Но как же мне его напечатать?
Перед лицом такой непосильной задачи Якимову захотелось сбежать.
Позвоните в наше женевское агентство и продиктуйте. Да с этим и ребенок справится.
Не выйдет, дорогой мой. У меня нет ни гроша.
Так позвоните за счет абонента.
Ну кто же мне позволит Якимов сделал шаг назад. Меня тут никто не знает. Я не знаю языка. Я такой же беженец, как и вы.
И откуда вы бежали?
Прежде чем Якимов успел ответить, в дверях появился человек, в движениях которого была та резкость, которую порой дает крайнее измождение. Он кинулся к Маккенну.
Где рыжий мужчина, который был у вас в автомобиле?
Умер, ответил Маккенн.
А где шарф, который я ему дал? Большой синий шарф.
Бог знает. Под землей, наверное. Мы закопали его под Люблином, можете вернуться и поискать.
Закопали шарф! Вы что, с ума сошли?
Пошел прочь! рявкнул Маккенн. Человек бросился к стене и принялся дубасить по ней кулаками.
Воспользовавшись этой паузой, Якимов начал отодвигаться. Маккенн ухватил его за полу пальто:
Ради бога, вернитесь! Мерзавец! Я лишился руки, с пулей в ребрах, мне запрещают вставать, возьмите текст! Отправьте его, слышите? Вы обязаны!
Я уже три дня ничего не ел, простонал Якимов. Бедный старый Яки сейчас упадет в обморок. Ноги его уже не держат.
Стойте!
Еще раз нетерпеливо порывшись в кармане, Маккенн достал журналистское удостоверение.
Возьмите. Поешьте тут. Можете выпить. Возьмите номер. Делайте всё что угодно, только сначала отправьте текст.
Взяв удостоверение и глядя на измятую фотографию Маккенна, Якимов ощутил, как к нему медленно возвращается жизнь.

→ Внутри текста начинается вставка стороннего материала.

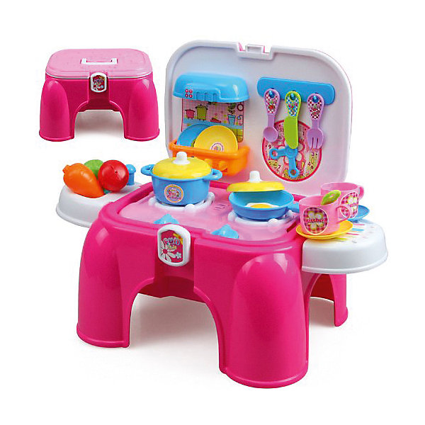 Игровой набор «Маленькая хозяйка» включает в себя кухонные предметы, посуду и плиту. С его помощью девочка сможет готовить куклам и плюшевым игрушкам вкусные блюда, она научится обращаться с бытовыми приборами. Газовая плита оснащена световыми и звуковыми эффектами, что делает игру реалистичней и интересней. Все предметы расположены в удобном столике-кейсе с ручкой, что позволит брать набор с собой на прогулку или в гости. Игрушки изготовлены из качественных безопасных материалов.

Вы хотите сказать, что мне дадут кредит?
Неограниченный. Так положено. Если будете работать на меня, осел вы этакий, можете есть и пить сколько вашей душе угодно.
Дорогой! выдохнул Якимов и кротко улыбнулся. Прошу вас, объясните еще раз, и помедленнее, что именно нужно сделать.
3
Супруги поселились в маленькой гостинице на площади напротив «Атенеума». Из окна открывался вид на руины. На рассвете следующего дня после приезда их разбудил грохот рушащихся стен. Вечером, ожидая Гая с работы, Гарриет наблюдала, как фигурки рабочих таскают факелы вокруг разрушенных зданий.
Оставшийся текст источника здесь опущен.